Maintaining Sealing Between Mandrel and Sleeve During Rotation and/or Reciprocation

[0088] FIGS. 10-13 schematically illustrating reciprocating motion of sleeve or housing 300 relative to mandrel 110. In these figures arrows 1000, 1010, 1020, and 1030 schematically indicate upward movement of mandrel 110 relative to sleeve 300. Additionally, arrows 1002, 1012, 1022, and 1032 schematically indicate downward movement of mandrel 110 relative to sleeve 300.

[0089] The height H.sub.T of mandrel 110 compared to the overall length 350 of sleeve or housing 300 can be configured to allow sleeve or housing 300 to reciprocate (e.g., slide up and down) relative to mandrel 110. FIGS. 10 through 13 are schematic diagrams illustrating reciprocation and/or rotation between sleeve or housing 300 along mandrel 110 (allowing reciprocation and/or rotation between drill or work string 85 when annular seal 71 of annular blow out preventer 70 is closed and sealed on sleeve 300, and drill or work string 85, thereby sealing the bore hole from above).

[0090] FIGS. 10 through 13 (in such order) with arrows 1000, 1010, 1020, and 1030 schematically indicate an upward stroke of reciprocation of mandrel 110 relative to sleeve 300.

[0091] In FIG. 10, arrow 1000 schematically indicates that mandrel 110 is moving upward relative to sleeve or housing 300, where a double pin end sub 700 is located below lower packing unit 380 of sleeve 300. Both packing units 370 and 380 maintain a seal between sleeve 300 and mandrel 110, while annular seal 71 maintains a seal on sleeve 300 thereby sealing wellbore 40.

[0092] In FIG. 11, arrow 1010 schematically indicates that mandrel 110 is moving upward relative to sleeve or housing 300, where a double pin end sub 700 is located at the level of lower packing unit 380 of sleeve 300. While packing unit 380 may not maintain a seal when double pin end sub 700 passes through (e.g., recessed area 750 causing a break in the sealing), packing unit 370 maintains a seal between sleeve 300 and mandrel 110, while annular seal 71 maintains a seal on sleeve 300 thereby sealing wellbore 40.

[0093] In FIG. 12, arrow 1020 schematically indicates that mandrel 110 is moving upward relative to sleeve or housing 300, where a double pin end sub 700 is located between upper packing 370 and lower packing 380 units. Both packing units 370 and 380 maintain a seal between sleeve 300 and mandrel 110, while annular seal 71 maintains a seal on sleeve 300 thereby sealing wellbore 40.
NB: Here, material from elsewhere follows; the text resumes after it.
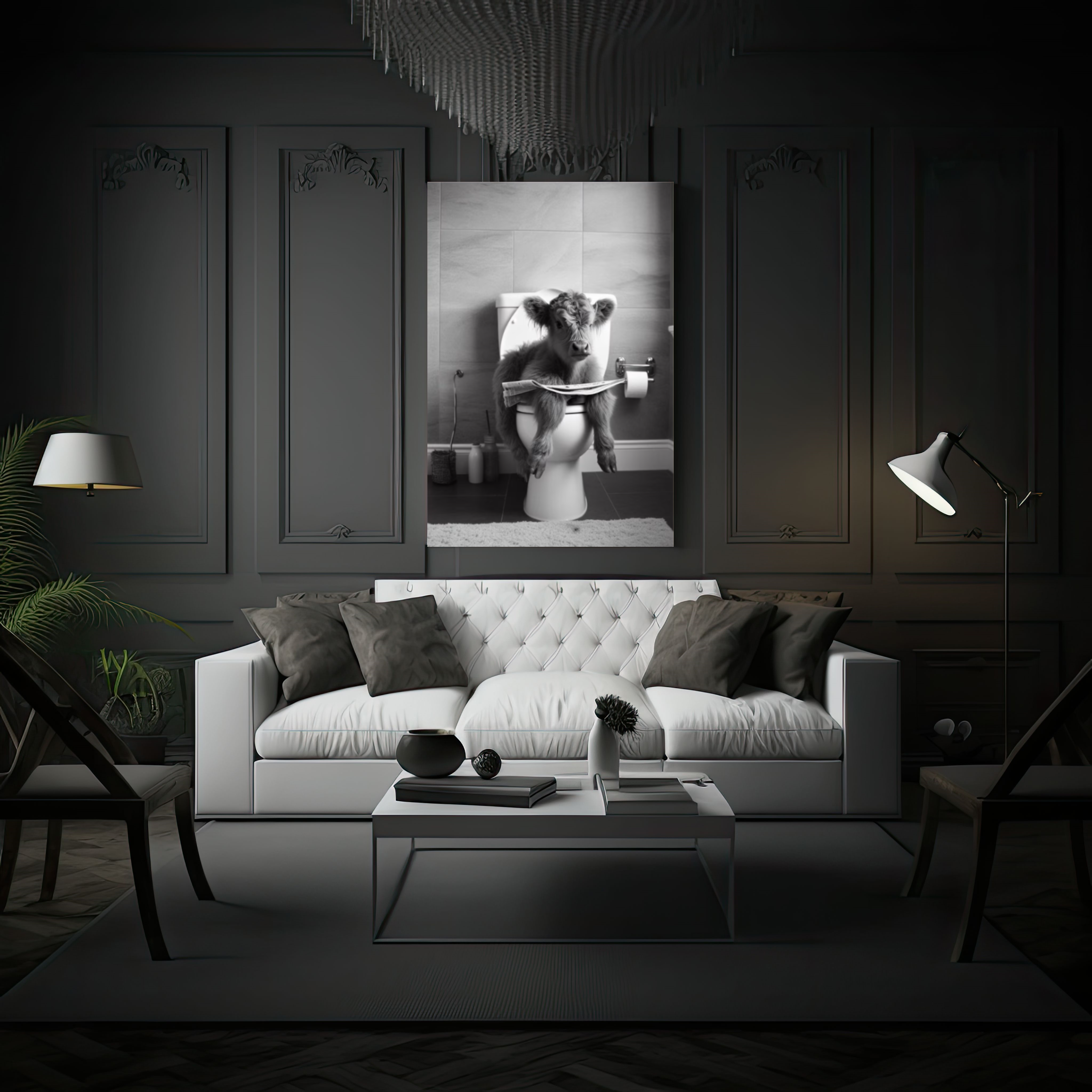 Introducing "Highland Scotland Cow Sitting On Toilet With Newspaper," a whimsical and humorous piece from our Humorous Collection that adds a playful touch to any space....

[0094] In FIG. 13, arrow 1030 schematically indicates that mandrel 110 is moving upward relative to sleeve or housing 300, where a double pin end sub 700 is located at the level of upper packing 370 unit of sleeve 300. While packing unit 370 may not maintain a seal when double pin end sub 700 passes through (e.g., recessed area 750 causing a break in the sealing), packing unit 380 maintains a seal between sleeve 300 and mandrel 110, while annular seal 71 maintains a seal on sleeve 300 thereby sealing wellbore 40.
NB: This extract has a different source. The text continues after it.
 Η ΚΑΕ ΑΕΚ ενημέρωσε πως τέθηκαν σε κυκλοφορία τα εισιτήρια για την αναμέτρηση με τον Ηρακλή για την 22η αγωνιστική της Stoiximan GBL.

[0095] FIGS. 13 through 10 (in such order) with arrows 1002, 1012, 1022, and 1032 schematically indicate a downward stroke of reciprocation of mandrel 110 relative to sleeve 300.

[0096] In FIG. 13, arrow 1032 schematically indicates that mandrel 110 is moving downward relative to sleeve or housing 300, where a double pin end sub 700 is located at the level of upper packing 370 unit of sleeve 300. While packing unit 370 may not maintain a seal when double pin end sub 700 passes through (e.g., recessed area 750 causing a break in the sealing), packing unit 380 maintains a seal between sleeve 300 and mandrel 110, while annular seal 71 maintains a seal on sleeve 300 thereby sealing wellbore 40.

[0097] In FIG. 12, arrow 1022 schematically indicates that mandrel 110 is moving downward relative to sleeve or housing 300, where a double pin end sub 700 is located between upper packing 370 and lower packing 380 units. Both packing units 370 and 380 maintain a seal between sleeve 300 and mandrel 110, while annular seal 71 maintains a seal on sleeve 300 thereby sealing wellbore 40.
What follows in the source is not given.